[citation][nom]haswell5271[/nom]If the OS was light enough? I would bet it could. Windows 7 is very heavy compared to Android, and because it's flash architecture is might be faster memory than my 7200 RPM HDD. Also my i5-3570K isn't overclocked. It's actually underclocked to 2.9 GHz to lowers temps (I don't need and more speed). You have to give Samsung some faith mate.[/citation]
It doesn't matter how good Samsung did. The CPU is still just a quad core Cortex A15+quad core Cortex A7 at best. What I think of Samsung doesn't change the fact that a very, very low end CPU will not beat one of the highest end consumer CPUs available.
You are greatly overestimating the influence of Windows 7.
Even with that considerable underclock, a single core of your i5 will beat the Exynos 5 in eight-threaded software by huge margins simply because it's that much faster than ARM. There is a huge difference in power consumption, performance, and price for a reason. I've got nothing against Samsung, I even own several Samsung products, but they can't make an architecture perform better than it is capable of performing.
Also, you seem to not understand how fast the on-board flash of modern devices really is. Sure, it's not junk, but it's no speed demon either.
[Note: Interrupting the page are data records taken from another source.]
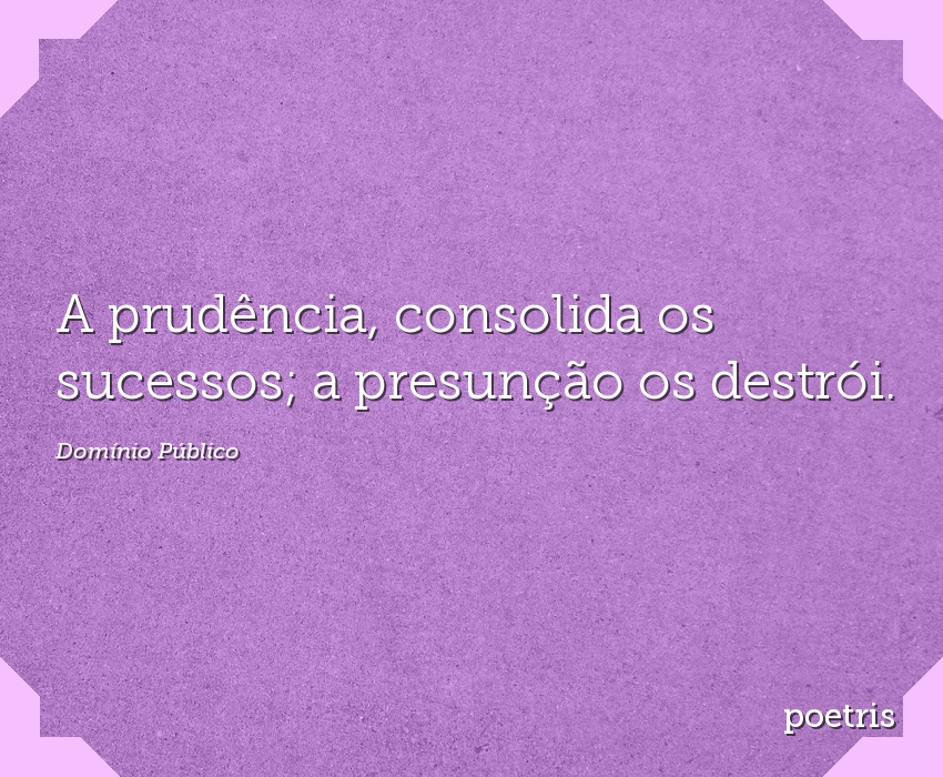 A prudência, consolida os sucessos; a presunção os destrói.
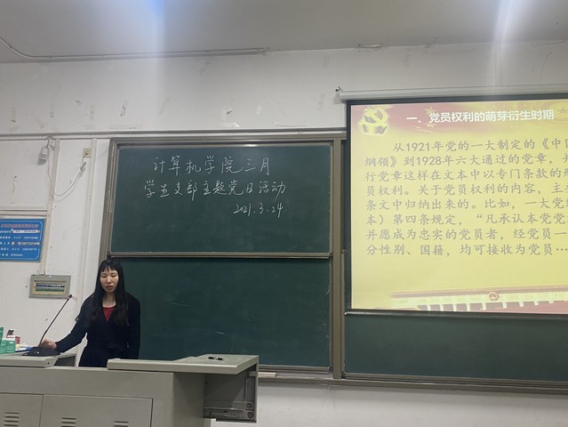 本网讯(通讯员 张智琪)计算机学院学生党支部三月主题党日活动于3月24日中午顺利举行。学院学生第二党支部书记熊军平主持活动,学生第一党支部书记邓家桃及全体学生党员参加活动。
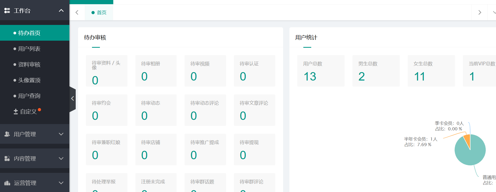 - 用户管理、资料审核
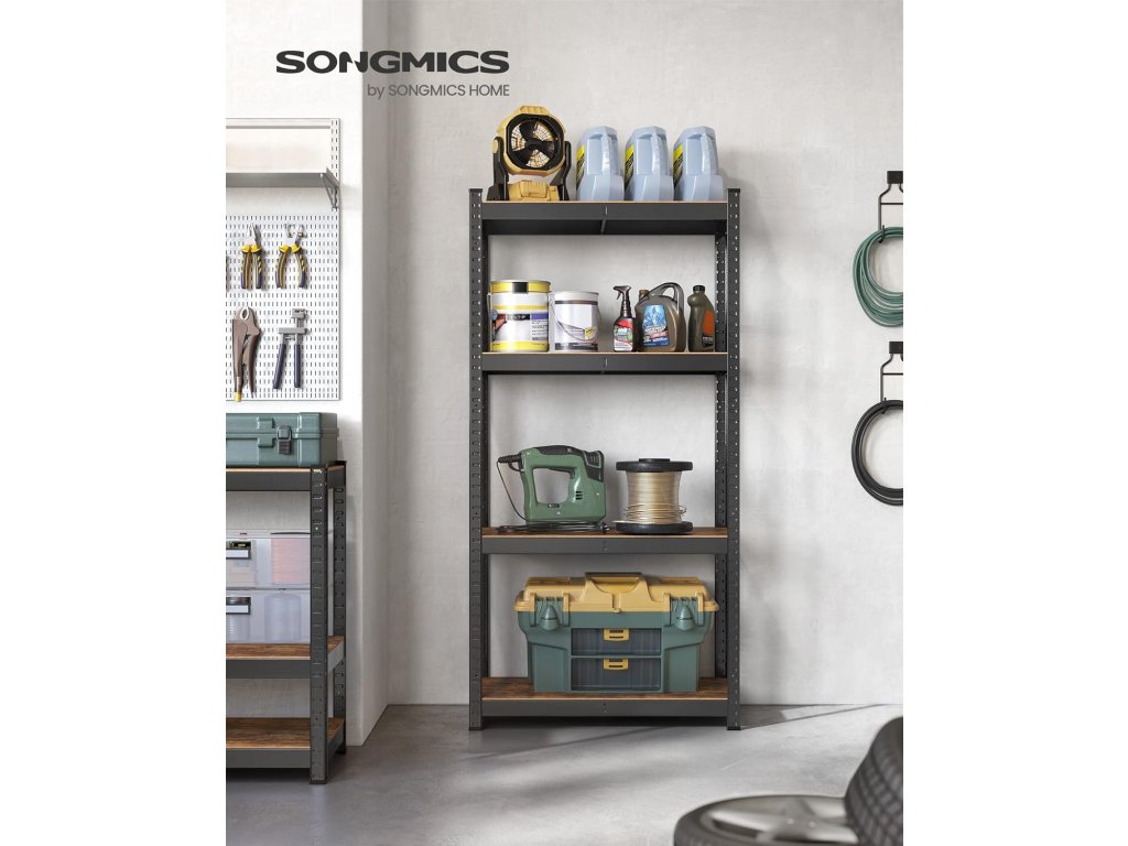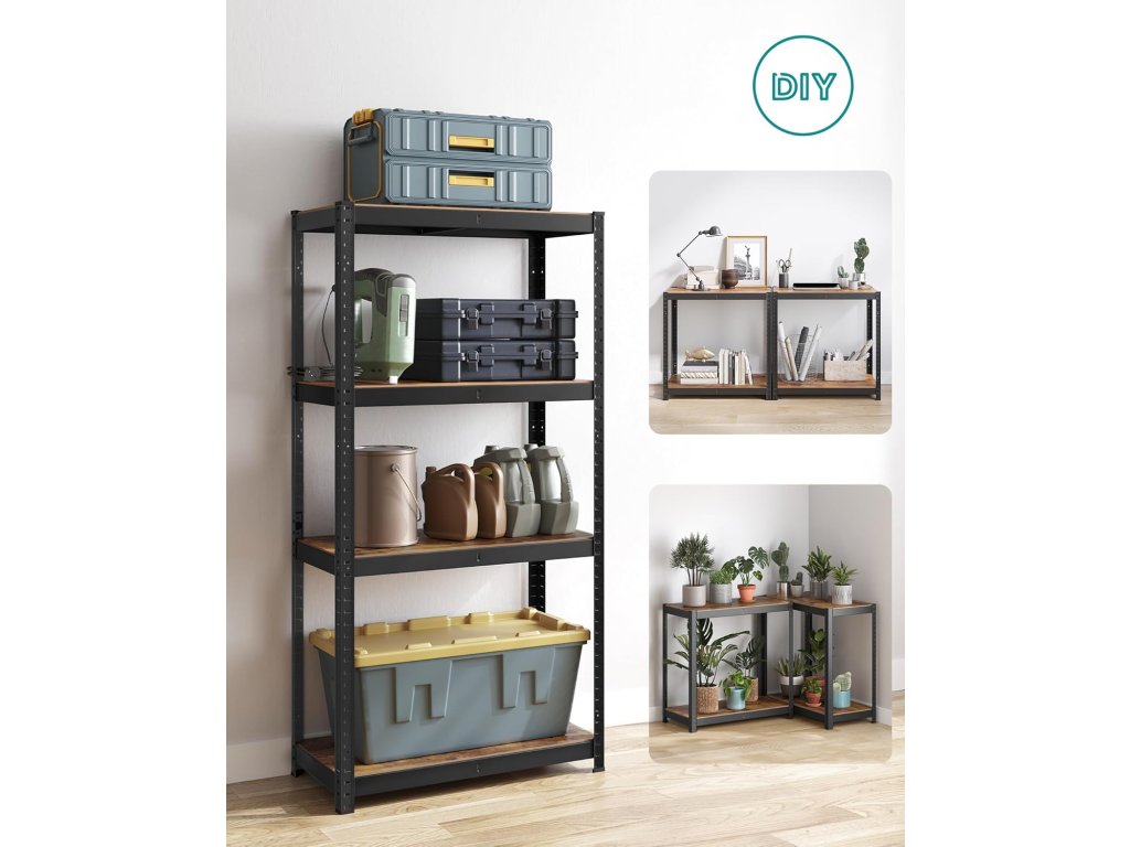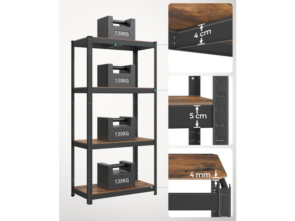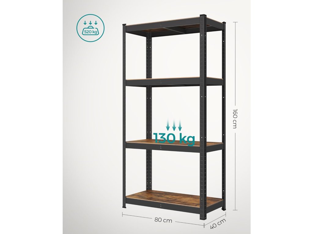 Regál, 40 x 80 x 160 cm, nosnost 520 kg (130 kg na polici), průmyslový, nastavitelné úložné police, do obývacího pokoje, kuchyně, garáže, rustikální hnědá a černá.

A cheap SSD can be exponentially faster and be much faster even in more real world scenarios the benchmarks and unusually high usage situations.
I repeat: There is no chance, whatsoever, of your i5 being beaten by Samsung's Exynos5 unless Samsung managed to get more than an order of magnitude improvements to meet desktop performance without desktop nor even low end laptop power consumption. Since Samsung did no such thing, the i5 will win without any performance competition, granted it is an apple s to oranges comparison.